* **Problem to work on**
Below this line are records; transcribe exactly the lines between the one holding "Plunge Halterneck Lace" and the one holding "Orange paper 4pp", inclusive, and omit the pictures.

* **Records to process**
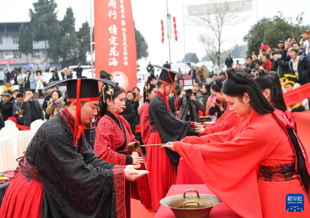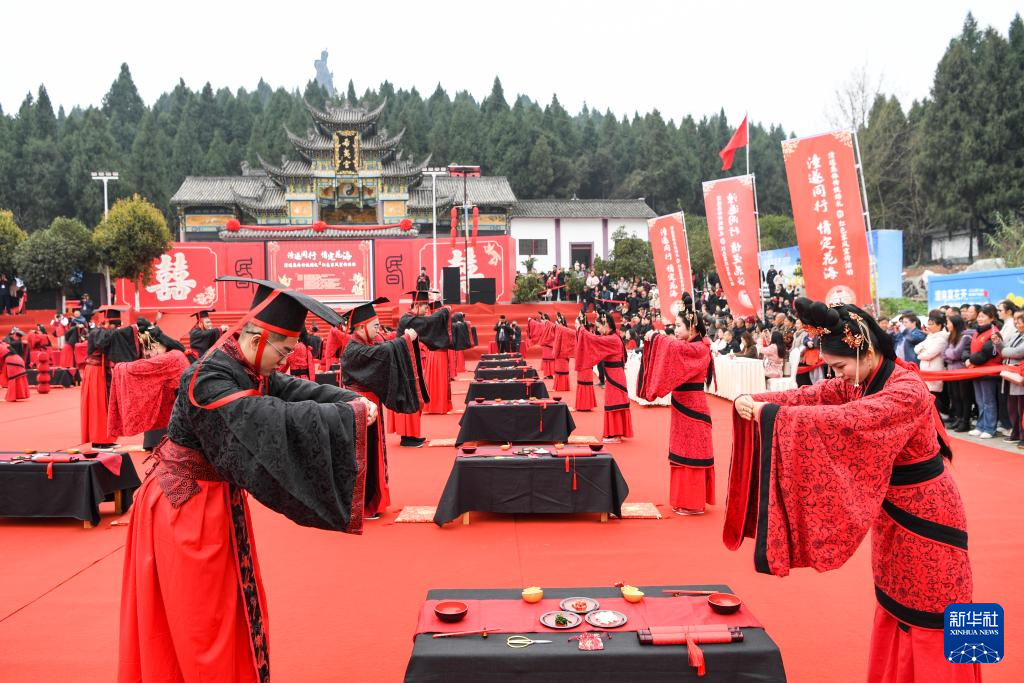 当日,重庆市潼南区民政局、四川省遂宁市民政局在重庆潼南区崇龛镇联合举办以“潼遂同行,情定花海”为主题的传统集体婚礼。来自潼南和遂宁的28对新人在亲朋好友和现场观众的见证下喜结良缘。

==

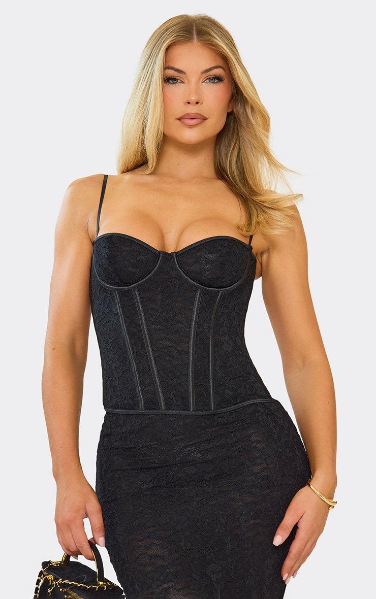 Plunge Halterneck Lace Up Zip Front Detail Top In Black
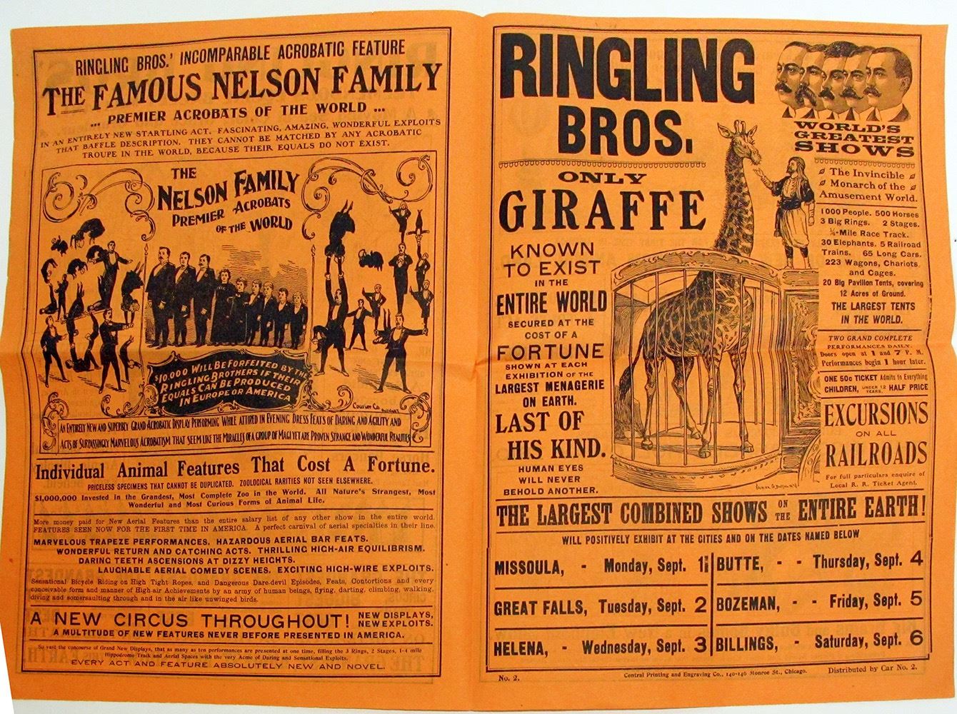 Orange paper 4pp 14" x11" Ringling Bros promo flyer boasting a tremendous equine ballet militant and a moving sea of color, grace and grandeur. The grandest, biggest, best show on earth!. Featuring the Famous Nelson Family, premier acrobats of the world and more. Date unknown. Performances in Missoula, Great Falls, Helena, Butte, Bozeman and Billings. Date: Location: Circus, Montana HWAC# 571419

* **Task output**
 Plunge Halterneck Lace Up Zip Front Detail Top In Black
 Orange paper 4pp 14" x11" Ringling Bros promo flyer boasting a tremendous equine ballet militant and a moving sea of color, grace and grandeur. The grandest, biggest, best show on earth!. Featuring the Famous Nelson Family, premier acrobats of the world and more. Date unknown. Performances in Missoula, Great Falls, Helena, Butte, Bozeman and Billings. Date: Location: Circus, Montana HWAC# 571419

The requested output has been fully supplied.